# Internet Usage Accounts



## markcoker (Apr 5, 2010)

Internet Usage Accounts, is it possible to setup a system on freebsd where each users get say 5gbs of dl's/up's a month? If so how would i do this?


----------



## markcoker (Apr 5, 2010)

markcoker said:
			
		

> Internet Usage Accounts, is it possible to setup a system on freebsd where each users get say 5gbs of dl's/up's a month? If so how would i do this?



Im running Freebsd 5.4 & PF

p.s. as a side note how do i edit my previous posts?


----------



## DutchDaemon (Apr 5, 2010)

Read your signup email.


----------



## markcoker (Apr 5, 2010)

thanks lol, i must admit i speed read it and missied the most important line "To get this issue out of the way immediately:
Why can't I edit my own posts (yet)?" <- its a link lol.

so is it ok to do double post until i get the ok to edit post if i forget vital information?

Also do you have any ideas for this issue? 
"Internet Usage Accounts, is it possible to setup a system on freebsd where each users get say 5gbs of dl's/up's a month?

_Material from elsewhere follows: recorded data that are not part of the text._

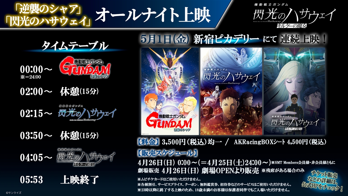 最新作『閃光のハサウェイ キルケーの魔女』と同作に繋がる2作品の計3作品を一夜で楽しめる特別な機会となっています。チケットは4月26日(日)0:00[=25日(土)24:00]より順次発売。お見逃しなく!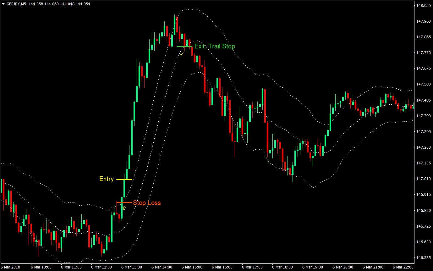 The key to this strategy is identifying the right momentum candle breakout. You shouldn’t be trading just a small pierce of the outer bands as this might still bounce off.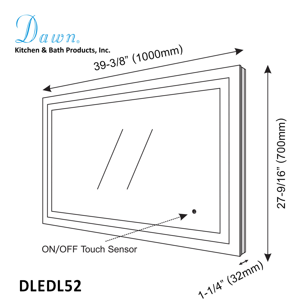 Dawn LED Back Light Mirror wall hang with matte aluminum frame and Touch Sensor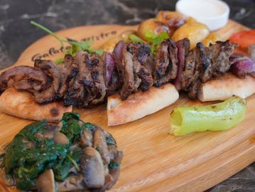 Marinated grilled meat skewers served with roasted baby potatoes, sautéed spinach, mushrooms, grilled tomatoes and peppers, finished with harissa sauce.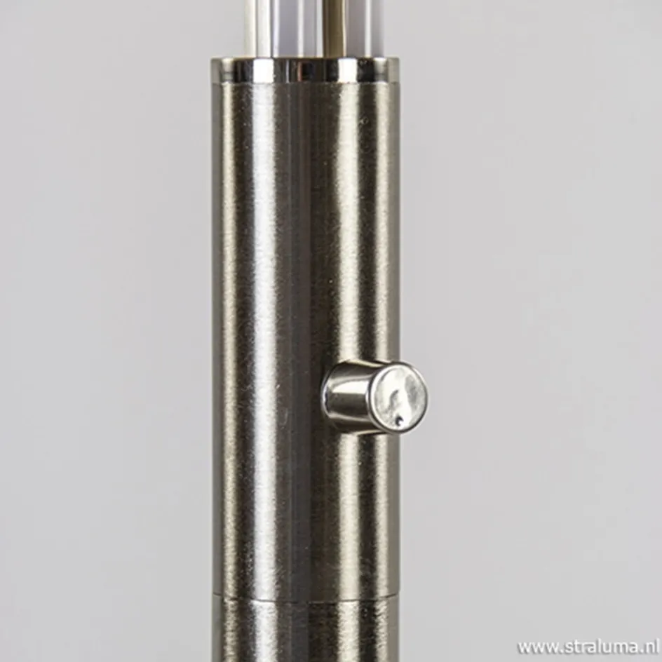 Deze moderne vloerlamp is weer eens iets heel anders. Het strakke design van de lamp geeft een design karakter aan het interieur. De drie LED strips zorgen voor een hoop licht, maar zijn gemakkelijk te dimmen met de pushdimmer op de stang. Deze lamp is uitgevoerd in mat nikkel om het moderne gevoel extra te versterken. De lamp wordt geleverd inclusief transparant snoer en door zijn LED verlichting is de lamp energiezuinig.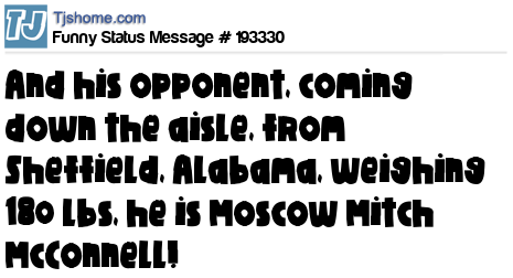 X is And his opponent, coming down the aisle, from Sheffield, Alabama, weighing 180 lbs, he is Moscow Mitch McConnell!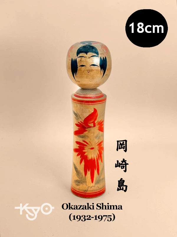 Okazaki Shima, originally from Miyagi Prefecture, was active primarily in the mid-20th century and is known for producing dolls in the Naruko tradition. Though lesser-known than some of her male counterparts, her work is admired for its distinctive charm, refined brushwork, and faithful representation of traditional motifs.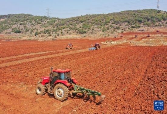 3月7日,在云南省開遠市中和營鎮(zhèn),農(nóng)機手駕駛拖拉機整地。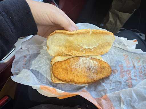 Read moreOn Monday, August 2 at 4:30 PM I went thru the drive thru. I ordered a chicken and fry, 2 of the new burgers with the garlic chips with a fry. The employee sounded as if he was coming off a high. Pulling up to the window, I noticed how sloppy and trashy things were. Now understand, they no longer seat people indoors. The only requirement is to cook and make sure the order is correct. Both were off the mark. If the new burger with garlic chips looks good, dont waste your time. I counted 8 small chips in the center of the bun and there's nothing crunchy about them. The fries were Luke warm and cold by the time I arrived home 8 mins later. Thanks but no thanks BURGER KING. The highest Mark's for good lunch, extremely clean, always friendly and always serve the best sub in town, JIMMY JOHNS is...
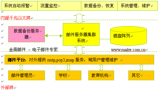 本方案是根據(jù)沈陽(yáng)教育信息中心對(duì)電子郵件系統(tǒng)大容量、高擴(kuò)展性、分級(jí)管理的實(shí)際要求,結(jié)合金笛郵件集群系統(tǒng)的技術(shù)特點(diǎn),本著高速穩(wěn)定、易于管理、易于維護(hù)、適度超前的原則,可以作為實(shí)施方案的參考。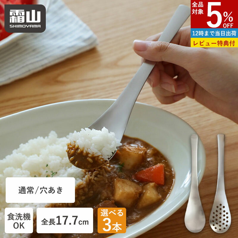 【全品5%OFF 18日限定】スプーン 穴あき 穴なし 3本組 選べる レンゲ ステンレス 食洗機対応 18-8 カトラリー レンゲスプーン 17.7cm 錆びにくい 普段使い 丈夫 おしゃれ シンプル 3本セット れんげ なめらか 中華 チャーハン スープ 霜山 特典付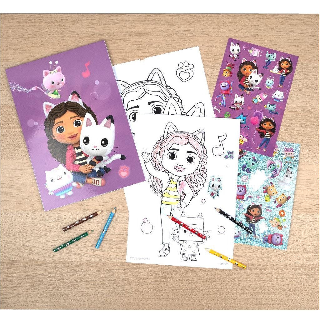 Wees altijd Ready to Go met deze kleurset in de vorm van een boekje met harde kaft, met 30 kleurplaten, 6 verschillende kleurpotloden en een stickervel!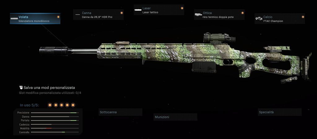 In questa configurazione avete un’enorme controllo e anche un’ottima portata. Alcune modifiche possono essere effettuate sul laser che essendo visibile ai nemici a qualcuno potrebbe non piacere, esso può essere sostituito con un bipede o con “Prontezza di spirito”, specialità arma che vi permette di trattenere il respiro più a lungo.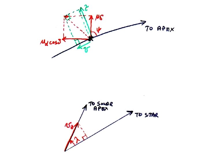 If the group of stars is truly randomly distributed in space, then we expect that: So: A solution for < > in this instance requires only a knowledge of the proper motions and positions of stars and the direction of the apex of motion (A, D) and velocity of the Sun v relative to the stars in the group. It is somewhat easier to use the terminology: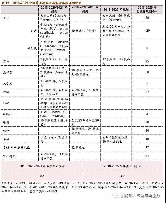 海外車企即將進入密集推車期。根據(jù)各車企未來新能源汽車戰(zhàn)略規(guī)劃,海外13大車企集團在2018-2020/2021年期間,將推出的新能源車型數(shù)量將大于82款,年均21款以上;在2018-2025年期間,將推出的新能源車型總數(shù)將大于303款,年均38款以上;而過去3年海外13大車企集團年均上市車型為13款。新車型推出數(shù)量快速增長,目前臨近海外車企新車型密集上市期。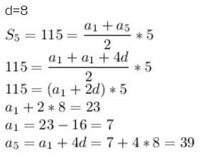 Різниця арефметичної прогресії дорівнюе 8 , сума перших її п'яти членів дорівнює 115. Знайти a1,a5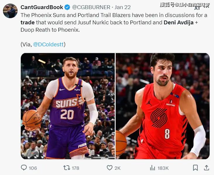 实际上在1月22日,太阳记者Dcoldestt透露,凤凰城正在努力将努尔基奇送回波特兰,他们希望用首轮签+努尔基奇换回阿夫迪亚与里斯。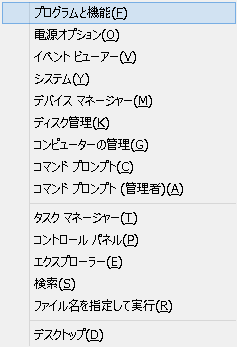 ショートカットの一覧が表示されるので一番上の「プログラムと機能」をクリックします。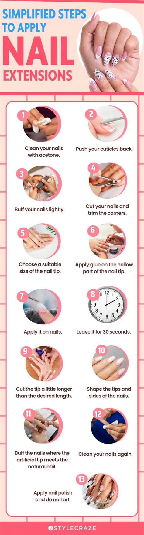 Once you have your products, you’re ready to start applying your nail extensions. Here are the steps: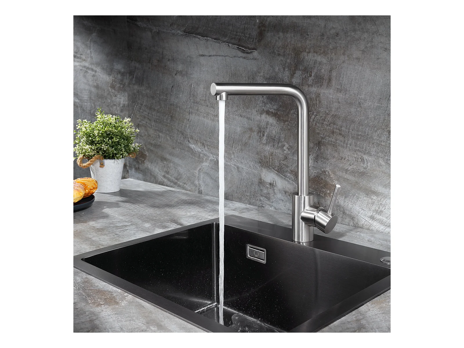 Evier 1 Bac en Quartz et Résine, 3 Options de Montage, 40*44*20cm + Mitigeur de Cuisine en Inox Noir étoilé avec Bec Haut et Incurvé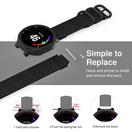 MoKo Cinturino Compatibile con Garmin Forerunner 235 Lite/220/230/620/630/735XT/Approach S5/S6, Cinturino Morbido in Nylon per Smartwatch, Cinturino Regolabile di Ricambio con Fibbia Classica, Nero

If so how would i do this?"


----------



## Werner (Apr 13, 2010)

Hi there,

can you tell us more about your intention?
Do you want to setup webspace for customers which have traffic quota of 5GB/month? (something like apache with mod_cband)
Or do you want to setup a VPN for surfing anonymously across the internet? (something like OpenVPN)
Or do you want to setup a public/private FTP where each user can up-/download 5GB/month? (something like glftpd)

Best Regards


----------



## markcoker (Apr 14, 2010)

lol sorry i mean lan access to the internet.


----------



## Werner (Apr 14, 2010)

Hi,

give SQUID with SAMS a try
http://www.freebsdsoftware.org/www/sams.html

Maybe that works for you.

Regards


----------